Cameroonians decide Sunday.

As campaigns end midnight Saturday, citizens to vote candidate of their choice Sunday

The anxiety of the last few years over Cameroon’s future for the next seven years will be decided on Sunday, October 12. A college of a little over eight million potential voters will decide who from among the ten candidates running for the election, should be the country’s next Head of State.



Though the Constitutional Council had declared twelve qualified to run for Sunday’s poll, in the course of two weeks of campaigning, the number of candidates has dropped to ten. 

This follows an alliance that saw Barrister Akere Muna, candidate of the UNIVERS party, and Ateki Seta Caxton of the Liberal Alliance Party, PAL, drop out of the race in support of Bello Bouba Maigari of the National Union for Democracy and Progress, UNDP.

The Akere and Ateki support for Bello has failed to fire up popular support for the UNDP candidate. Going to the poll on Sunday, the turn of things on the campaign trail point to the election being a two-horse race. 

Incumbent Head of State, Paul Biya, of the CPDM party, and Issa Tchiroma Bakary of the FSNC, are the two candidates projected to get the highest number of votes.

Tchiroma has been the candidate of surprises, electrifying the national triangle with campaign rallies that have attracted thousands. How that translates to results will be known after Sunday, when voters must have made their choice.

The FSNC presidential candidate has throughout the campaign been sized up as the person who filled the opposition void created by the absence of Prof Maurice Kamto of MRC. 

Kamto, who came second in the 2018 presidential poll, scoring close to 15 percent of votes cast, was barred from the race by the Constitutional Council. 

For those betting for change, Tchiroma is the candidate whose message has touched them. 

As forceful as Tchiroma has been on the campaign trail, Biya’s CPDM, which enjoys an intimidating national presence, is banking on its huge grassroots support to renew the mandate of incumbent Paul Biya.

 

Unusual year for voters in Grand North…

Unlike in previous presidential polls, the clean sweep the CPDM has enjoyed, that easily gave Bya victory, is under threat this year. Two sons of the three Northern Regions, Issa Tchiroma and Bello Bouba, running for the nation’s top job, means votes will be split.

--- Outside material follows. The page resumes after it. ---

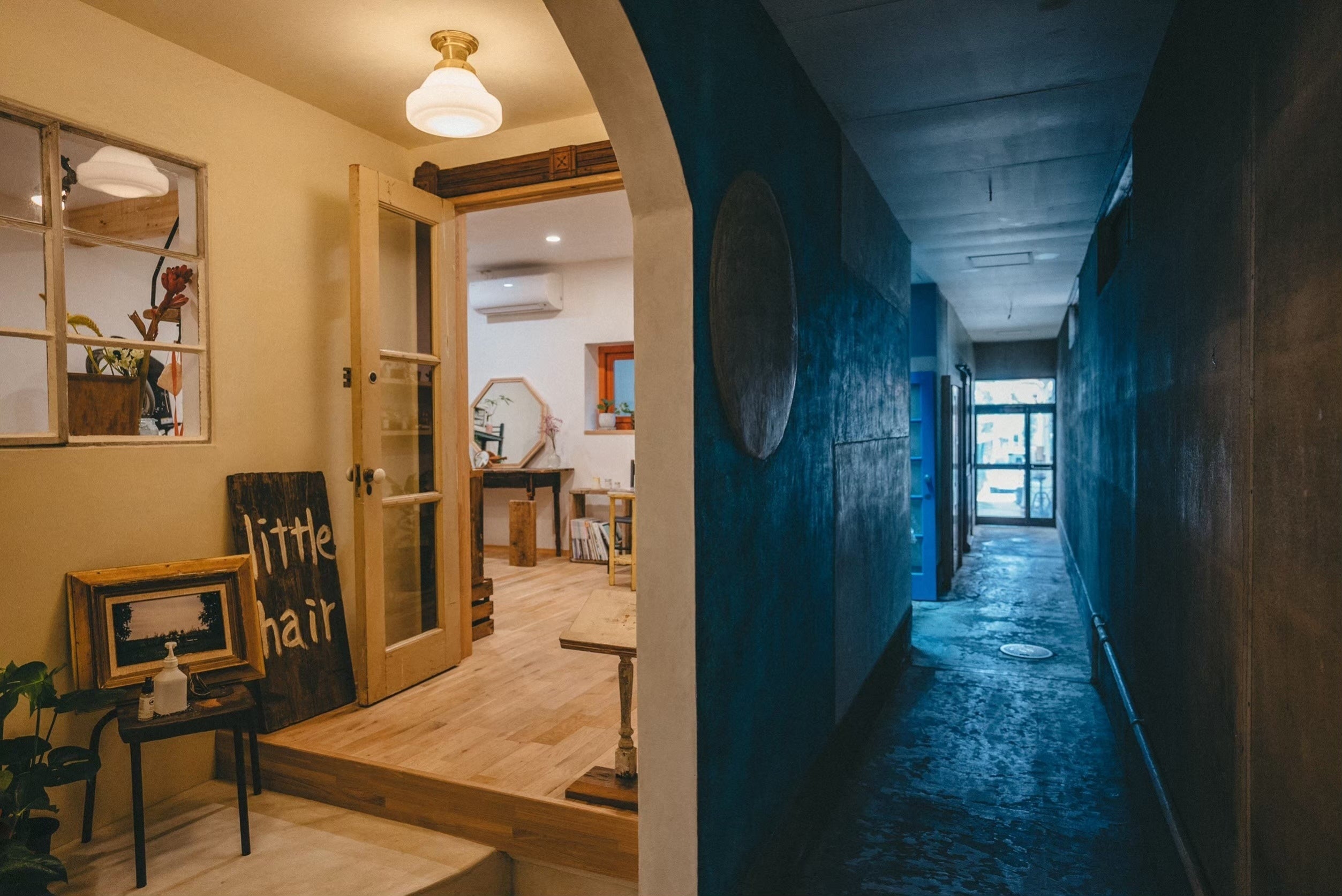 アートギャラリーの隣は、little vintageの服屋、アトリエ(洋服お悩み相談所)、美容室、バリアフリートイレが一緒になった複合施設をつくりました。

Analysts are saying as citizens vote on Sunday, the three candidates to share the spoils most in the Adamawa, North and Far North Regions will be President Biya, Issa Tchiroma, and Bello Bouba. It will also be the first time in recent years that the Far North Region is not having the highest number of potential voters.

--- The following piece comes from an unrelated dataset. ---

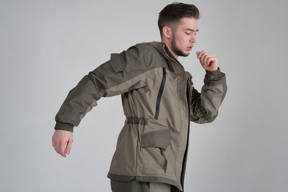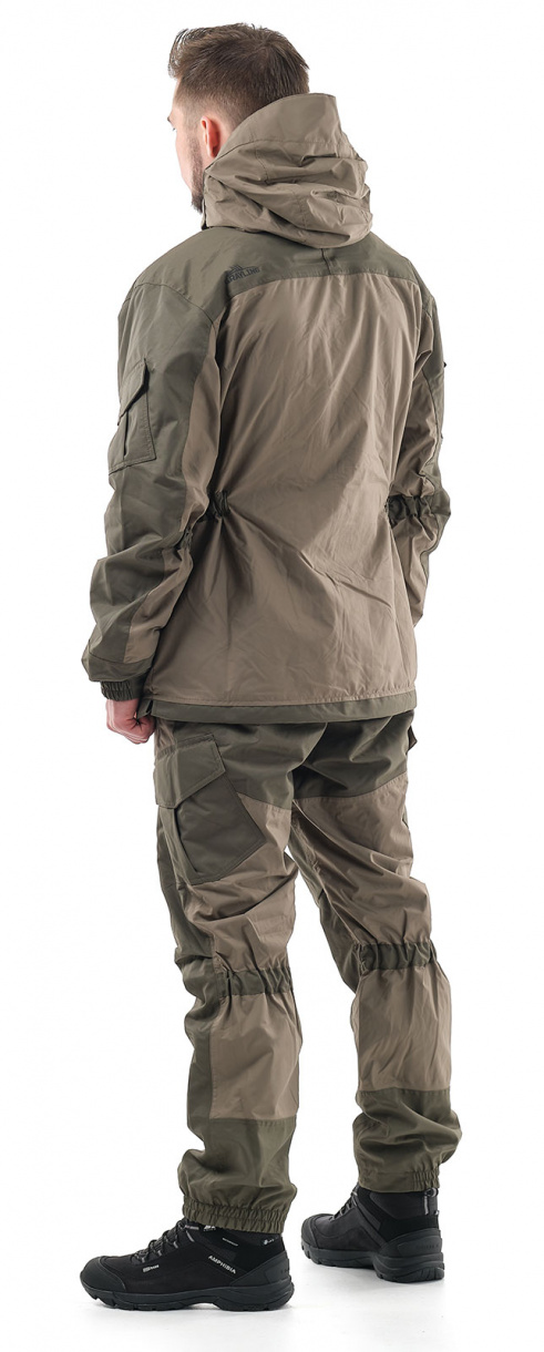 Для отделки и армирования используется мембранная ткань «кошачий глаз», которая обладает повышенной износоустойчивостью: плечи, локти, клапаны карманов, низ брюк и манжеты рукавов, застежка брюк, а также передняя часть брюк от выше колена и верхняя задняя часть брюк.

Thus, candidates will also be counting on the Centre Region, which has over 1.4 million potential voters, to ease their hope for victory. Thus, what happens in Yaounde and Douala in terms of the people’s choice will also greatly influence the outcome of Sunday’s poll.

 

Signs of voter enthusiasm

Unlike in recent years when voter apathy has remained a headache, the election of Sunday is already enjoying huge enthusiasm among potential voters. 

The atmosphere, it is already being said, could result in more persons showing up at the over 31,000 polling stations at home and abroad, to choose a new Head of State.

In the last couple of days, several potential voters have been crowding offices of elections management body, Elections Cameroon, ELECAM, to collect their voters’ cards. 

That thousands of citizens are making last minute moves to get their voters’ cards, observers say, is in response to the several calls from candidates in the race and civil society for massive participation in the election.

 

Cabral, Bello, Osih campaign energy not enough?

Less than 48 hours to voting day, pundits say the campaign energy of Candidates Bello Bouba of UNDP, Osih Joshua of SDF, and Cabral Libbi of PCRN, has not met expectations.

Except for Bello, who only returned to the race after decades of supporting Biya, Cabral Libii, who was a sensation in 2018, has not matched the crowds he attracted seven years back. 

Osih too is viewed to have campaigned with a party that is still healing from internal conflicts, limiting its ability to fully exploit its potential. Whatever happens after Sunday’s poll, the SDF and PCRN candidates are also pictured to emerge among the first five in the race.

The lone woman in the race, Hermine Patricia Tomaino Ndam Njoya of the Cameroon Democratic Union, CDU, has also made several in routes in her campaigns. Her weight nationally will only be known when the results are out.

Other candidates such as Serge Espoir Matomba, Pierre Kwemo, Jacques Hagbe and Hiram Iyodi Samuel have already been ruled out of the victory pot. 

Their campaigns have not been intensive like that of other big names in the race. Whatever decision citizens take through the ballot box Sunday, the results will be known latest October 27, in line with Article 137 of the Electoral Code.